| |
Home
The Huffington Post
May 15, 2012
HB
56: How the People of Alabama Fought Back Against the Worst
Anti-Immigrant Law in the Country
by
Victor Palafox
In June, over 2,000 people turned out for a march in Birmingham,
flooding the city in a sea of white shirts; in July, hundreds
came out to Montgomery and marched to the Capitol; and during
the week leading up to August 24, the date for the first hearing
on HB 56, undocumented youth from the Birmingham area organized
a three-day vigil outside of the Hugo L. Black Courthouse. However,
it was after September, when Judge Sharon Blackburn made the
controversial decision to allow HB 56 to pass the courthouse
relatively unscathed, that communities in Alabama begin to organize
and empower themselves on a higher level.
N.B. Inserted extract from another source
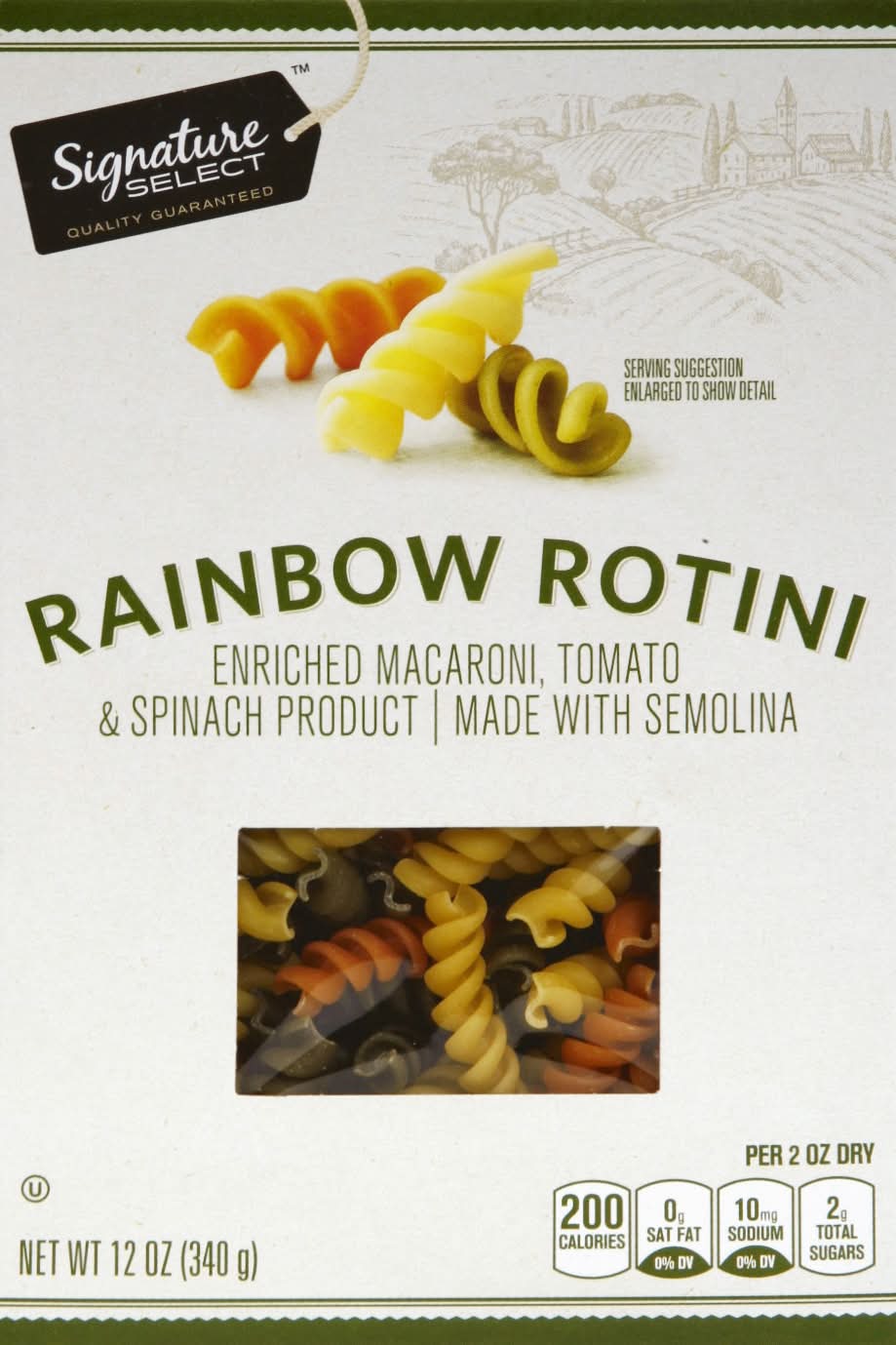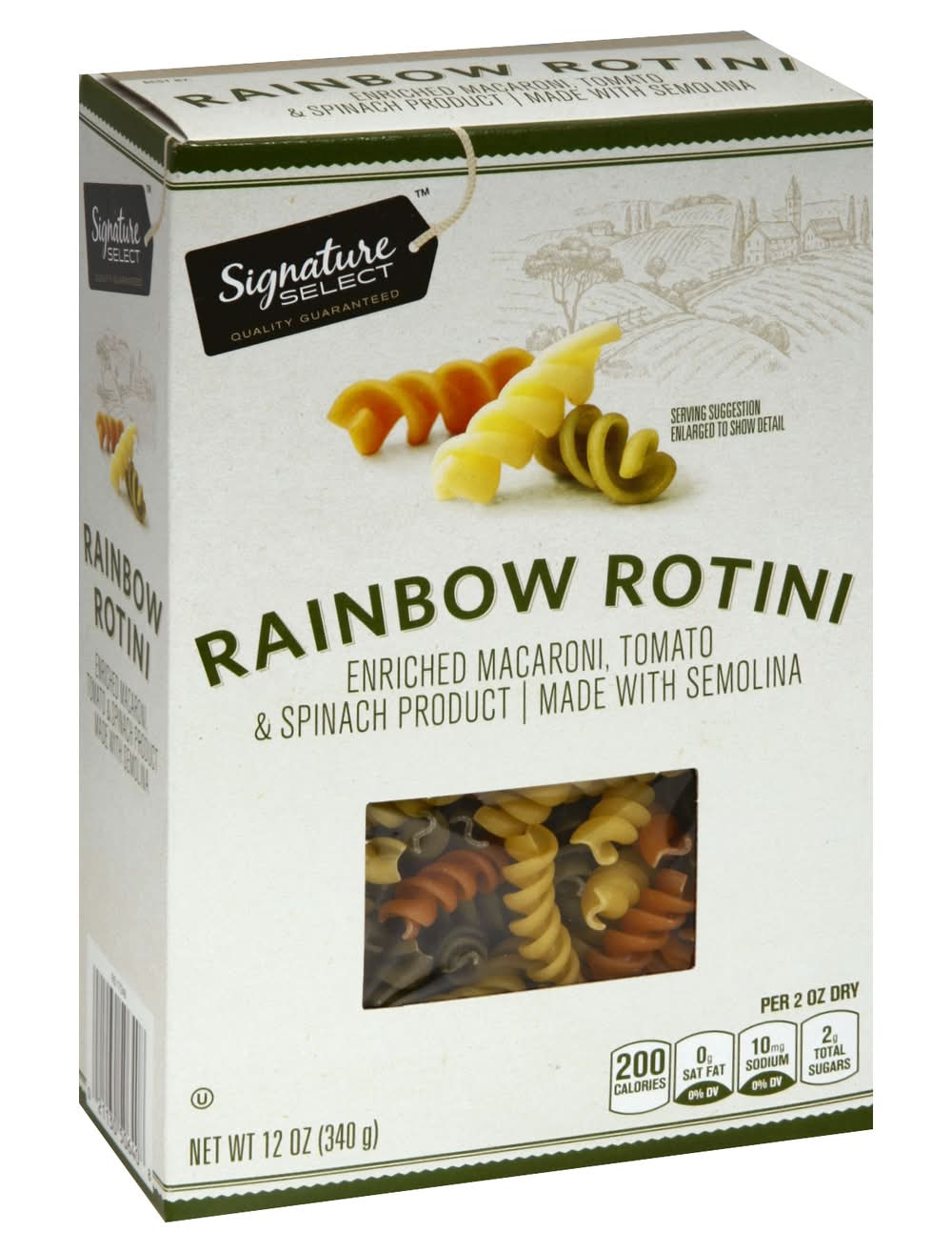 Bring 3 quarts of water to a rapid boil. if desired, add 2 tsp of salt. gradually add 12 oz of rainbow rotini to boiling water. stir gently and return to a rapid boil. cook uncovered, stirring occasionally for 10-12 minutes, or until desired degree of tenderness is reached. drain. for casseroles and pour-over sauces, rinse in hot water. for salads, rinse in cold water. store in a cool dry place.

On the day before Judge Blackburn made her decision, I remember
lying in bed, trying to digest the reality that would come the
next day, attempting to grasp that the state and the country
that I considered my own was turning its back on others, as
well as myself. Growing up, I always wondered how it felt to
be able to go out and do something as simple as drive without
having to worry about whether the police would stop you. When
I was younger, I remember asking my mother how it felt to be
free to do as one wished, to be able to truly pursue happiness,
and to be able to have a time where such a sentiment could be
felt. I had not felt it in over a decade.
After September, when Judge Blackburn allowed the majority of
HB 56 to go through, our movement truly took flight. Allies
and undocumented immigrants intertwined, eliminating a need
for distinction of one another. We rallied, organized, mobilized,
and grew together not as a coalition but as a family, which
led to the motto behind our campaign; One family, One Alabama.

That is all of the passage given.